[EXERCISE]
Repeat every record exactly, but keep images out of the copy.

** WORKING DATA follows **

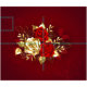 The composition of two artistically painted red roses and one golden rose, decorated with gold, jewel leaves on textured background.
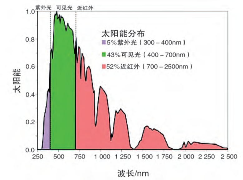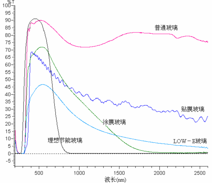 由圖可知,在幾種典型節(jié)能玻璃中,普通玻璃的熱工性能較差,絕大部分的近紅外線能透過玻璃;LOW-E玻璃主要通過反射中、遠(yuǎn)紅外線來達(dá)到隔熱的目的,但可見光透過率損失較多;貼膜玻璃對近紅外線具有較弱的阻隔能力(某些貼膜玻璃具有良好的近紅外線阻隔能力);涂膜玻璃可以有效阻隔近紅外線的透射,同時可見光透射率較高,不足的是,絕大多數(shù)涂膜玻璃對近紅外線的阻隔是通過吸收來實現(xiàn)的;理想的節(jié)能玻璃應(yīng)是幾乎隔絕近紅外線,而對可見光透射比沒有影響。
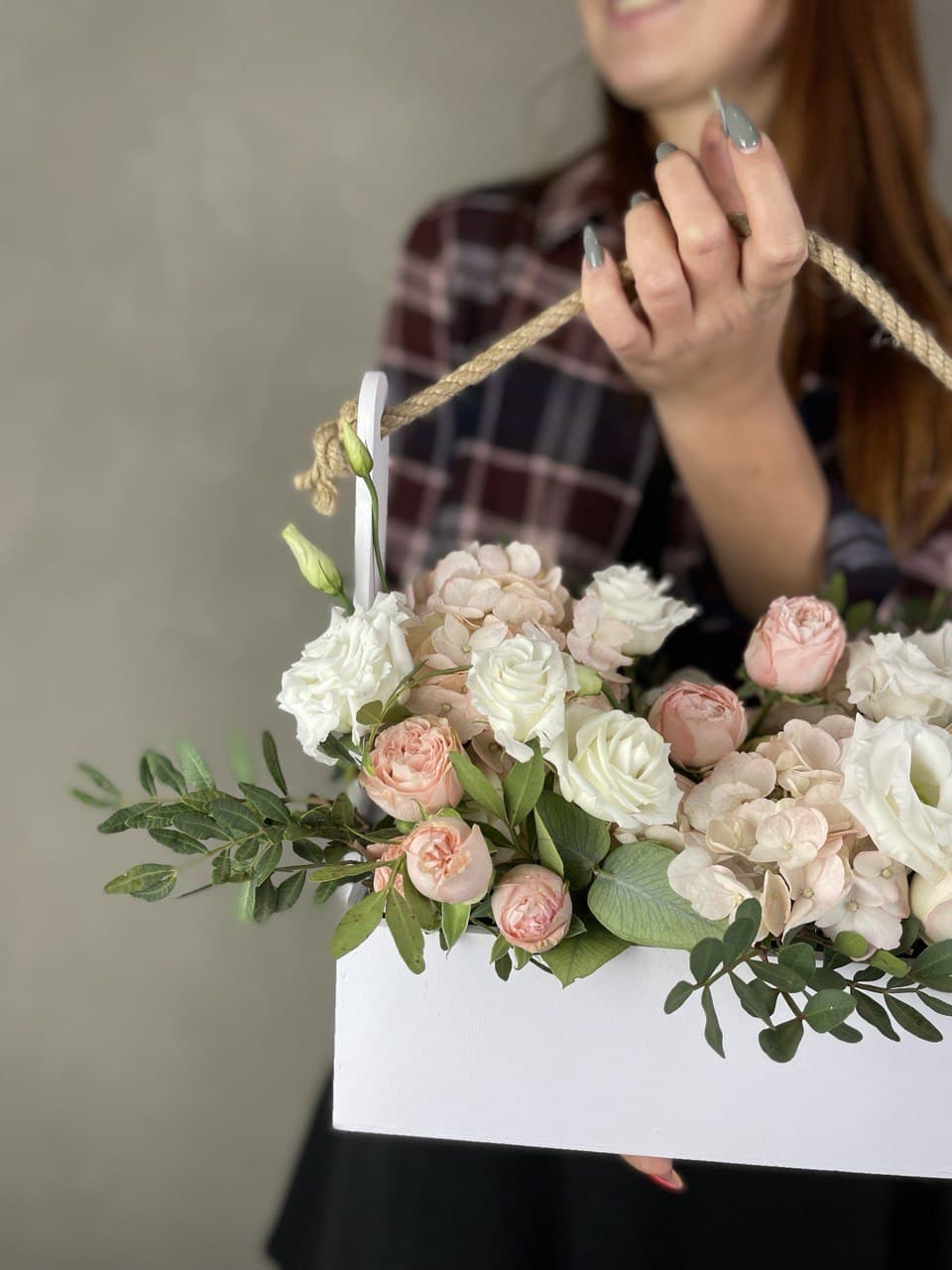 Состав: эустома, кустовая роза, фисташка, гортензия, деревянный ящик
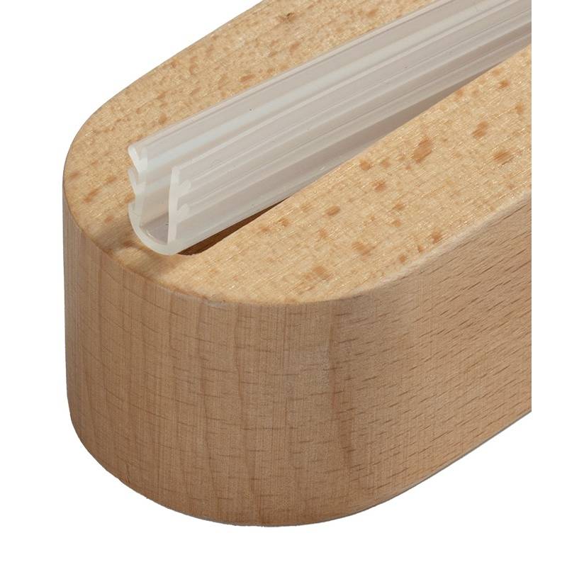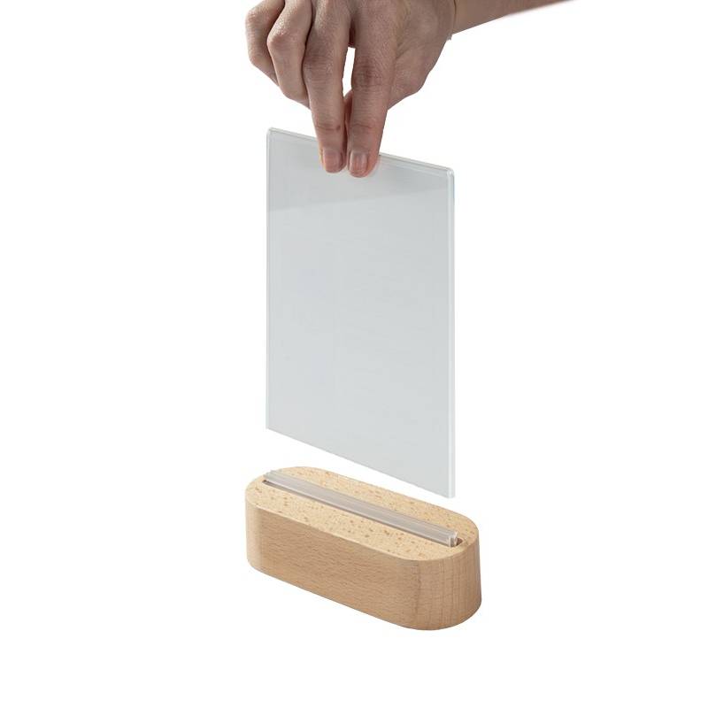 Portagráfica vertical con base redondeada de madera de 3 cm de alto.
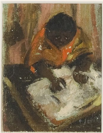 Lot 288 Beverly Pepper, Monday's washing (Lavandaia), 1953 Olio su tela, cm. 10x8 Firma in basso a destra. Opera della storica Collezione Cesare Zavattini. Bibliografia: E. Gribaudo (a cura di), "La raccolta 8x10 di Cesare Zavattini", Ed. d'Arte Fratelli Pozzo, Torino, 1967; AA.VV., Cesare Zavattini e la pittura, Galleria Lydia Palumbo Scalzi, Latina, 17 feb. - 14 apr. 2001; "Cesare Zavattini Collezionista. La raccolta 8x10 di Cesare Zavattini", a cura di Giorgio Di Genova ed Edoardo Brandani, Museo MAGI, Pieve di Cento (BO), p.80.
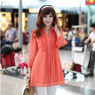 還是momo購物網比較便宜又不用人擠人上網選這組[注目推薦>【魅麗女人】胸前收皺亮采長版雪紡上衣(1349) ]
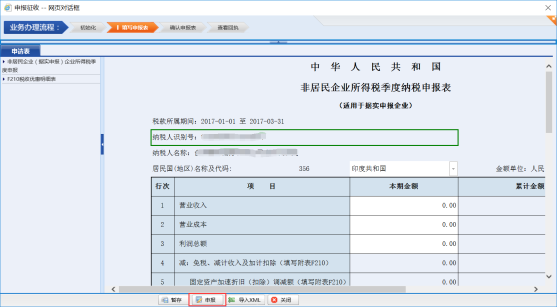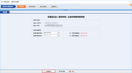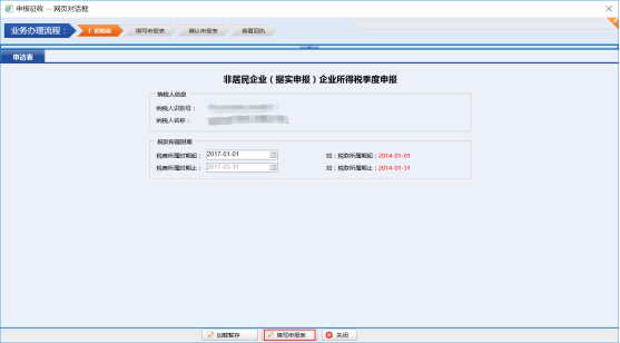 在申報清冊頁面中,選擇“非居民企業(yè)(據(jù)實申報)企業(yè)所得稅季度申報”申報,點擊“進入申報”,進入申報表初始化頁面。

** End of WORKING DATA **

[OUTPUT OF THE EXERCISE]
 The composition of two artistically painted red roses and one golden rose, decorated with gold, jewel leaves on textured background.
 由圖可知,在幾種典型節(jié)能玻璃中,普通玻璃的熱工性能較差,絕大部分的近紅外線能透過玻璃;LOW-E玻璃主要通過反射中、遠(yuǎn)紅外線來達(dá)到隔熱的目的,但可見光透過率損失較多;貼膜玻璃對近紅外線具有較弱的阻隔能力(某些貼膜玻璃具有良好的近紅外線阻隔能力);涂膜玻璃可以有效阻隔近紅外線的透射,同時可見光透射率較高,不足的是,絕大多數(shù)涂膜玻璃對近紅外線的阻隔是通過吸收來實現(xiàn)的;理想的節(jié)能玻璃應(yīng)是幾乎隔絕近紅外線,而對可見光透射比沒有影響。
 Состав: эустома, кустовая роза, фисташка, гортензия, деревянный ящик
 Portagráfica vertical con base redondeada de madera de 3 cm de alto.
 Lot 288 Beverly Pepper, Monday's washing (Lavandaia), 1953 Olio su tela, cm. 10x8 Firma in basso a destra. Opera della storica Collezione Cesare Zavattini. Bibliografia: E. Gribaudo (a cura di), "La raccolta 8x10 di Cesare Zavattini", Ed. d'Arte Fratelli Pozzo, Torino, 1967; AA.VV., Cesare Zavattini e la pittura, Galleria Lydia Palumbo Scalzi, Latina, 17 feb. - 14 apr. 2001; "Cesare Zavattini Collezionista. La raccolta 8x10 di Cesare Zavattini", a cura di Giorgio Di Genova ed Edoardo Brandani, Museo MAGI, Pieve di Cento (BO), p.80.
 還是momo購物網比較便宜又不用人擠人上網選這組[注目推薦>【魅麗女人】胸前收皺亮采長版雪紡上衣(1349) ]
 在申報清冊頁面中,選擇“非居民企業(yè)(據(jù)實申報)企業(yè)所得稅季度申報”申報,點擊“進入申報”,進入申報表初始化頁面。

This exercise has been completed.